Pressure is being felt across the health system, with paramedics continuing to report ambulance ramping.

Child with burns forced to wait nearly an hour for an ambulance

The Ambulance Employees Association last night Tweeted that a young child with “significant burns” was forced to wait nearly an hour for an ambulance.

“Tonight a southern suburbs family called 000 for their 3yo who sustained significant burns,” it wrote.

“There were no ambulances to send. Our sincerest apologies to this family and their child who waited an agonising 51minutes for an ambulance to arrive.

“Ramping and under resourcing is depriving South Australians of life-saving treatment when they need it most.”

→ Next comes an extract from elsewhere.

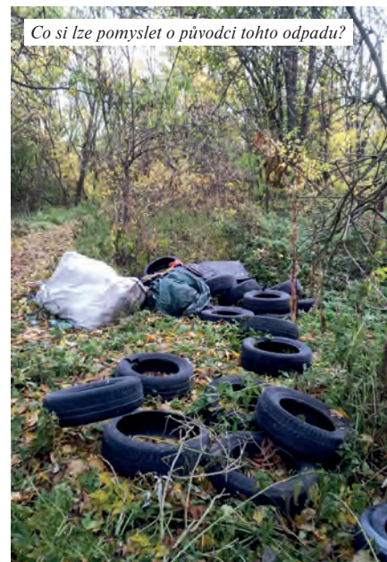
Co si lze pomyslet o původci tohoto odpadu?

Svoz a třídění komunálního odpadu je tématem pro většinu obcí a měst v naší republice, nejnak je tomu i u nás. Jsme malá obec, nemáme vlastní technické služby či dokonce skládku, tudíž jsme závislí na svozové společnosti, kterou je Skládky Vrbička (ve vlastnictví měst a obcí, tedy i Radonic). Ceny za svoz odpadu se odvíjí od zvyšujících se nákladů na pohonné hmoty, energie, mzdy aj., ale zvyšování je i způsobeno snahou omezit a téměř odstranit skládkování, jak to požaduje nový zákon o odpadech. Cílem této politiky je, aby občané v maximální míře třídili komunální odpad. Poplatky za uložení na skládku se budou každým rokem zvyšovat (z 500 Kč/t až na 1850 Kč/t) a v roce 2030 by mělo skládkování skončit úplně. Ponechme stranou, zda se podaří tohoto cíle dosáhnout, pro obec to znamená zvyšující platby za svoz odpadu a potažmo i pro občany. Pro letošní rok byl zvýšen poplatek za svoz komunálního odpadu o 50 Kč a nově byla schválena čtvrtá sazba za měsíční vývoz na popud některých obyvatel, kteří žijí sami. Naše obec šla i do řady projektů, které mají podíl směsného komunálního odpadu snížit – naši občané dostali nádoby na bioodpad, papír, plasty, měli možnost získat kompostéry, zřídili jsme vlastní kompostárnu, vloni byl otevřen sběrný dvůr, kde většinu odpadů vybíráme zdarma včetně pneumatik! Proto je s podivem, když otevřete popelnici na směsný odpad

Tonight a southern suburbs family called 000 for their 3yo who sustained significant burns. There were no ambulances to send. Our sincerest apologies to this family & their child who waited an agonising 51mins for an ambulance to arrive. #SANeedsMoreAmbos #StopRamping #saparli

— Ambulance Employees Association (SA) (@aeasa1981) January 10, 2022

The SA Ambulance Service this morning confirmed that a Triple Zero call had been received yesterday for a child “reporting burns from a hot drink”.

It said the patient was “appropriately triaged” as a Priority 2 case and confirmed that crews arrived in 51 minutes.

It also said the Ambulance Service had experienced an “exceptionally busy day with demand for service around 5pm far above predictions”.

In a statement, a spokesperson said “all paediatric cases are treated as significant and an emergency ambulance was dispatched while clinical advice was provided by phone”.

“SAAS recognises the increasing demand for ambulance services at this time and actively triages all cases, responding to the most serious first,” the spokesperson said.

“SAAS clinicians make difficult and patient-centred decisions based on patient needs each day and we’re proud of them.

“We continue to bolster our workforce and to implement our Pandemic Resilience Plan to ensure we can respond to the community.

“This serves as a reminder, also, to ensure that where appropriate South Australians continue to seek alternative health care options for less serious conditions, so that we can be there for those who need help the most.”